– Должна тебе сказать, это действительно улучшает его брак, – заявила Абби. – Он говорит, что теперь его жена гораздо счастливее, чем в прежние годы. Сам он стал менее требовательным к ней. Причем во всем, а не только в сексе.
   – Понимаю, – вздохнула Барти.
   – Как бы то ни было, не думаю, что у нас с ним это продлится долго, – призналась Абби. – Но пока мы вместе, мы получаем немало удовольствия. Он покупает мне изумительные подарки. Например, этот браслет. Тебе нравится?
   Браслет был золотым и, сразу видно, очень дорогим.
   – Да. Очень красивый.
   – К тому же этот человек потрясающе умен. Мы с ним ведь не только сексом занимаемся. Мы ведем удивительно интересные разговоры.
   «Это уже побольше, чем бесплатное питание», – подумала Барти.

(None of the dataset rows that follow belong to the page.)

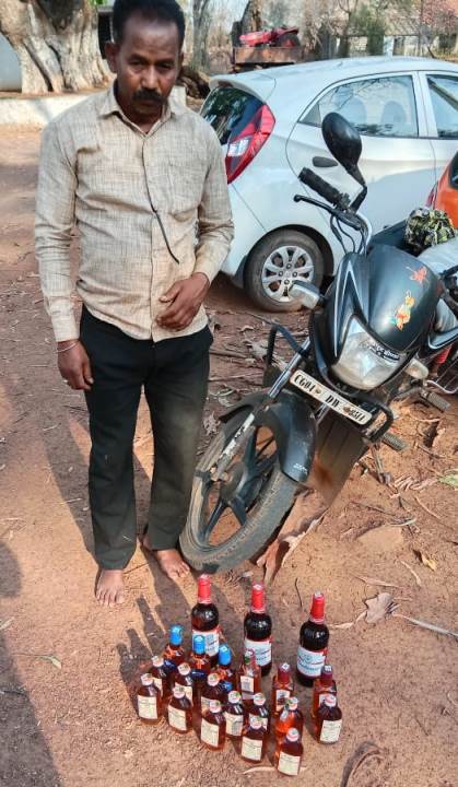 घटना दिनांक 23.03.2022 को पुलिस को सूचना मिला कि एक व्यक्ति द्वारा वाहन क्रमांक सीजी 04 डी डब्लू 8514 में अधिक मात्रा में अवैध अंग्रेजी शराब रखकर बोहारडीह की ओर जा रहा कि सूचना पर पुलिस अधीक्षक महोदय गोवर्धन राम ठाकुर के मार्गदर्शन एवं अतिरिक्त पुलिस अधीक्षक महोदय प्रज्ञा मेश्राम के निर्देशन एवं पुलिस अनुविभागीय अधिकारी राजेश बागड़े के पर्यवेक्षण में तथा थाना प्रभारी निरीक्षक रोहित मालेकर के नेतृत्व में टीम गठित ने मौके पर जाकर घेराबंदी कर वाहन हिरो होण्डा सीजी 04 डी डब्लू 8514 को रोककर चालक से पुछताछ किया पुछताछ करने पर अपना नाम रामबहादुर पिता चैतराम उम्र 50 वर्ष साकिन बालोदगहन थाना गुरूर जिला बालोद (छ.ग.) रहने वाला बताया एवं उक्त शराब को बालोदगहन स्थित सोनी ढाबा के लिए ले जाना बताया वाहन तलाशी लिया गया तलाशी मे आरोपी द्वारा मोटर सायकल रखे सफेद रंग के प्लास्टिक थैला मे कुल 12 नग गोल्डन गोवा कुल 2.160 बल्क लीटर, 03 पौवा रायल स्टेट अंगेजी शराब 0.540 बल्क लीटर 03 नग इम्पीरियल ब्लू 0.540 बल्क लीटर 03 नग बटवाइजर बियर 1.950 बल्क लीटर जुमला 5.190 बल्क लीटर कीमती 3390 रूपये एवं घटना मे प्रयुक्त मोटर सायकल हीरो होण्डा सीजी 04 डी डब्लू 8514 कीमती 20,000 रूपये एवं एक नग जीयो कंपनी का मोबाईल मय सिम को समक्ष गवाहन को जप्त किया ,मौके में पहिवहन से संबंधित किसी प्रकार का कोई दस्तावेज नही प्रस्तुत नही करने मामला धारा 34(2) आबकारी एक्ट पाये जाने से आरोपी को गिरफ्तार कर न्यायिक रिमांड पर भेजा गया है।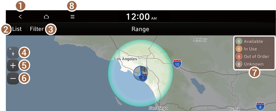 The drivable range is distinguished by a blue circle. Using the icons within the drivable range, you can check the locations and availabilities of charging stations.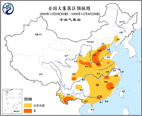 預(yù)計(jì)29日早晨到上午,西北地區(qū)東部、華北中南部、遼寧中部、黃淮中西部、江淮大部、江漢、江南大部、華南大部以及四川盆地大部、重慶大部、貴州西北部、云南南部等地有輕霧,其中,北京南部、天津、河北中部和西南部、山西中南部、河南中部、陜西中部、四川盆地南部、湖南中部、江西北部和東部、福建西部、廣東中部、云南南部等地的部分地區(qū)有能見度小于1000米的霧,局地能見度不足200米。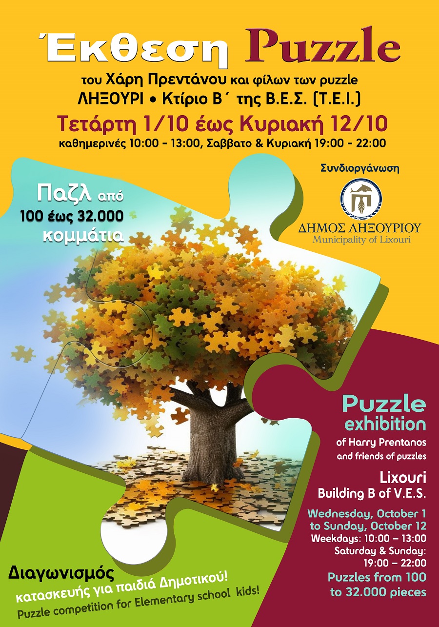 Ο Δήμος Ληξουρίου και ο Χάρης Πρεντάνος σας προσκαλούν στην έκθεση παζλ που θα φιλοξενηθεί στο Κτίριο Β’ της Βαλλιανείου Επαγγελματικής Σχολής, από την Τετάρτη 1 Οκτωβρίου έως και την Κυριακή 12 Οκτωβρίου 2025.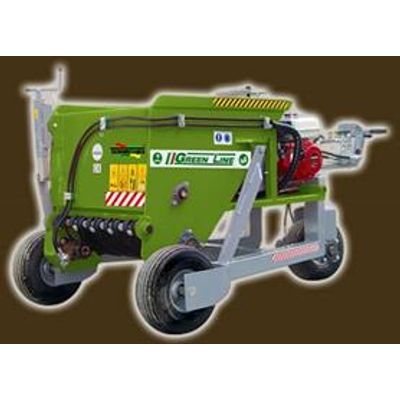 Sand spreader with patented helical roller and independent HONDA motor for spreading salt and driving wheel. The hydraulic salt distribution on this machine is regulated by a hydraulic flow regulator for optimal dosage of the product. The commands (FORWARD - REVERSE) on the hydraulic system feature 2 flow regulators that allow the operator to regulate the maximum operating speed as desired .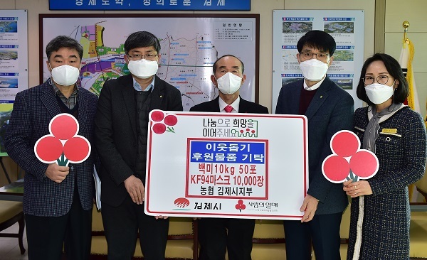 농협 김제시지부(지부장 김태곤)는 8일 관내 저소득층에게 전달해 달라며 KF94 마스크 10,000장, 백미 10kg 50포를 김제시에 기탁했다.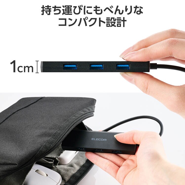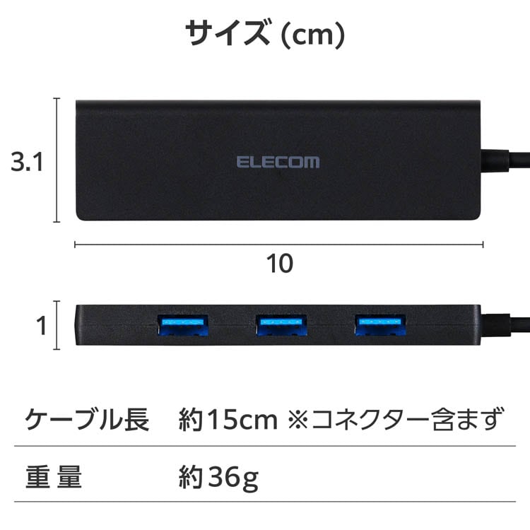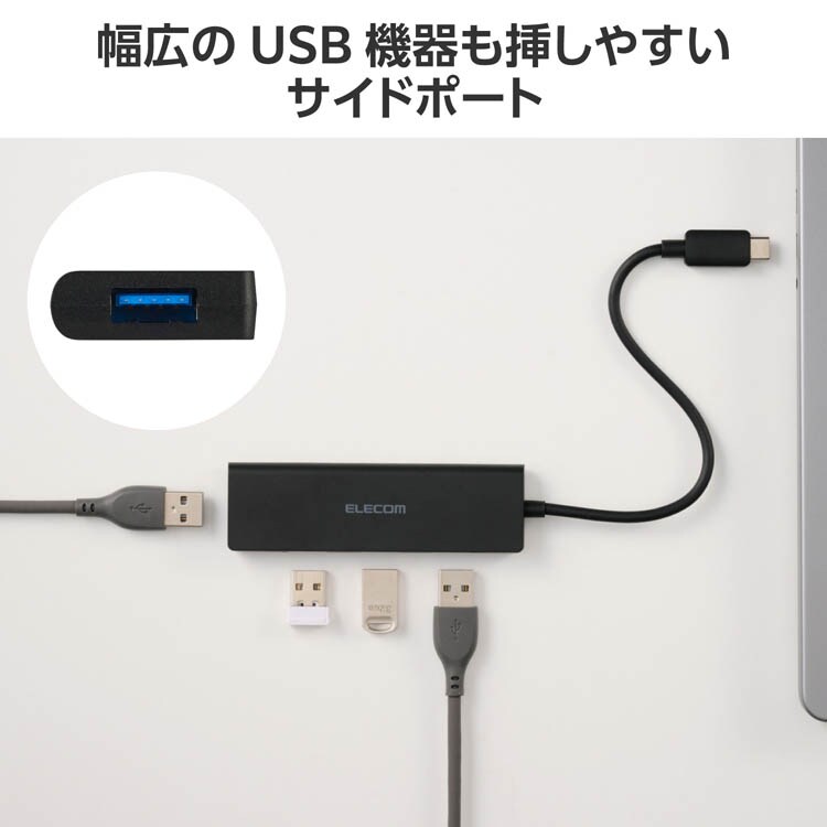 【エレコム Type-C ハブ USB3.2 Gen1 USB-A ×4 バスパワー ケーブル長15cm ブラックの商品詳細】

   Потом она спросила, отнюдь не ожидая, что Абби ответит:
   – А кто этот мужчина?
   Барти не ошиблась. Абби ей ничего не сказала. Вскоре Барти ушла, чувствуя одновременно облегчение и какую-то неясную тревогу. То, что Абби ей поведала, было лишь вершиной айсберга. В этом Барти не сомневалась.
* * *
   В издательстве стало легче дышать. Беременность Хелены значительно разрядила напряженность. Джайлз сделался спокойнее и мягче. Натянутые отношения между ним и Барти вновь стали дружескими. Казалось, Джайлз наконец обрел то, что в полной мере создал сам, и это достижение, в реальности которого никто не сомневался, упрочило его статус во всех остальных частях его мира. «Надо же, как усердно потрудился этот еще не родившийся ребенок», – думала Барти, улыбаясь какой-то глупой шутке Джайлза, которой тот развлекал ее перед собранием. Кто знает, как изменится жизнь Джайлза, когда ребенок родится. Возможно, Джайлз даже сумеет изменить мнение Селии о своем старшем сыне.
* * *
   Иззи далеко не сразу сообразила, что не все отцы похожи на ее собственного. Друзей у нее было не много. В основном она бывала в двух семьях. Но у Литтонов Уол почти всегда работал в своем кабинете, как и ее отец, а ее визиты к Уорвикам почти целиком ограничивались просторной детской.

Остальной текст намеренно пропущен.